One of my favorite desserts in town is the peanut butter crunch bar of sorts at Dante. Normally, I opt for cheese for dessert but make an exception for this little bit of heaven. The woman behind the fabulous dessert, along with many others, is pastry chef Wendy Thompson.
1. What are the top 5 spices every kitchen should have? Cinnamon, nutmeg, cardamom, star anise and ginger are a must to me.
2. What is your favorite and least favorite thing to bake? Least favorite thing to bake is macaroons – they are temperamental. Sometimes they come out beautiful and other times they will crack on top. My favorite thing to bake is cupcakes; they always put a smile on my face.
3. What is your favorite and least favorite thing about Cleveland? Favorite thing is the diversity. I live in the heart of Cleveland and love it! Least favorite is that I wish there were more big businesses willing to stay in the city. I really think it would help promote Cleveland’s growth and stabilize the economy.
4. Favorite restaurant? Dante of course! Plus, I really appreciate what some of these chefs are doing to help put Cleveland on the map, including Jonathan Sawyer, Rocco Whalen, Karen Small, Michael Symon and Doug Katz. All are favorites of mine.
5. What restaurant do you miss? Silver Grille in Higbee’s. My grandmother used to take us downtown during Christmas and we would eat there. You always got a cardboard stove to take home.
6. Any hidden gems Clevelanders have yet to discover? I would have to say that the Detroit Shoreway is the thing to watch. It really is being built up. There are three theaters including a Cleveland public theatre where the locals can showcase their talent plus they do a lot of educational programs with young kids as well. Capital Theatre has one section that shows independent films and documentaries and Near West has a lot of musical productions.

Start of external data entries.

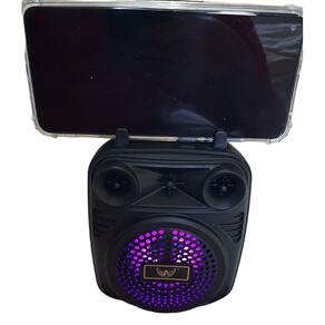 Radio FM Pen drive e Cartão de Memória Controle de Volume por Celular e Bluetooth Suporte para colocar o celular. Luz de Led Frontal
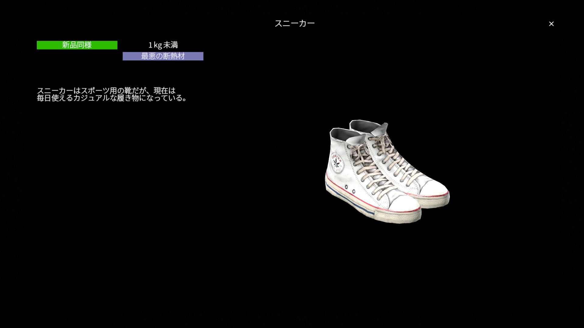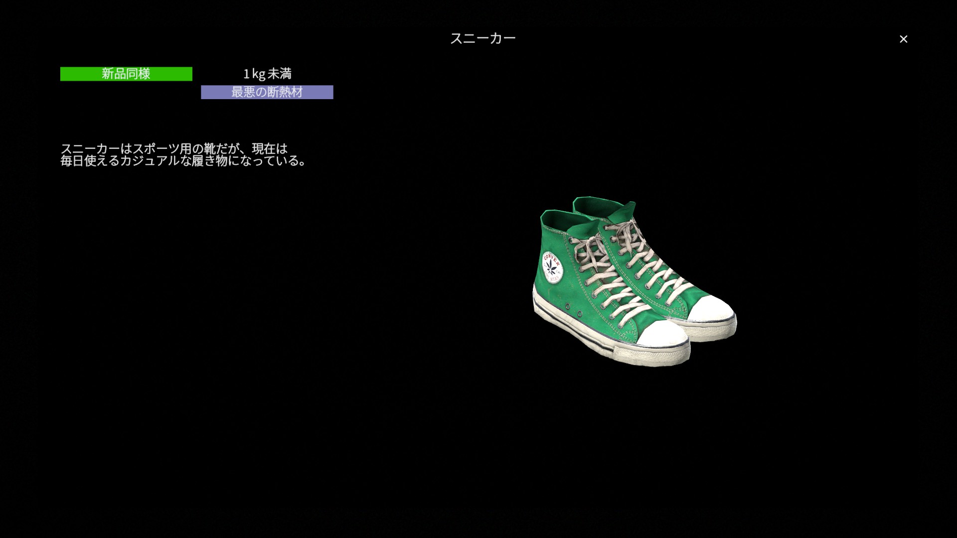 | Green | 780g | 8 (4×2) | 80 | ずぶ濡れ状態 (1.00) | 最悪の断熱材 (0.20) | 高い (0.90) | 静か | 革用の裁縫セット |
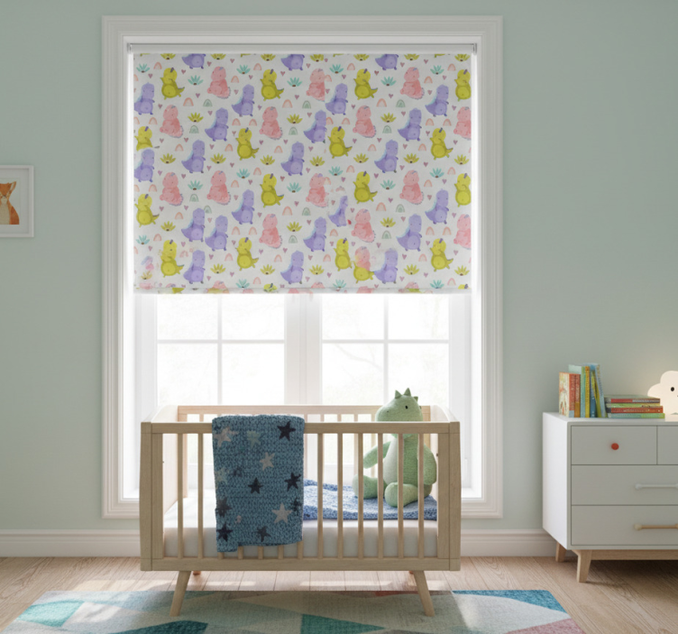 Estor enrollable infantil patrón de dinosaurios coloridos

7. You’re having a dinner party, top 5 songs on your play list? I would have to let my fiancé pick the music. The only thing on my iPod is books on tape. I know, I’m a big dork.
8. At that same dinner party, what are you serving for dessert? I love childhood favorites and would probably serve homemade ice cream sandwiches.
9. What is the best dessert you have ever had? It’s actually one on the menu right now. It’s a brown sugar date cake served with mascarpone mousse; poach pears and black pepper walnut brittle. Everyone needs to have it. When I had my first bite, I was blown away.
10. What is the secret to baking? Patience. You cannot rush baking no matter what.
11. Most famous person you have ever baked for? Bill Clinton, who was just recently in. It was really cool – how many times can you say you shook a presidents hand?
12. Favorite ice cream? Pistachio
13. Favorite guilty pleasure? Purple Sweetarts.
14. What was your first job? My first real job was at Heinen’s in the meat department. I was the only girl that could handle the smell. I worked there through high school and college; it was a great place to work.
15. What is your favorite tool in the kitchen? It’s a heatproof spatula, but only if none of the cooks have used it because once they do, it is useless to me. The smell of garlic and onions is a killer to any dessert.
16. If you could bake for one person, real or dead, who would it be? I would have to say the Cookie Monster. Why not turn him onto brownies?
17. What is one foolproof dessert anyone could make? I love classic, retro desserts. Get a glass bowl, fill it with diced pound cake, vanilla and/or chocolate pudding, layer strawberries or raspberries, and keep layering until you get to the top. Finish with whipped cream and chocolate shavings. You can do it ahead of time (even the night before) and then you don’t have to worry about it.
18. Duncan Hines or Betty Crocker? Neither. I pick Pillsbury. You have to love the fluffy guy.
19. If you weren’t a pastry chef, what would you be doing? I would have a whole bunch of jobs. I would take on something that interests me and move on after I learned that craft. For example, I really want to learn to upholster furniture.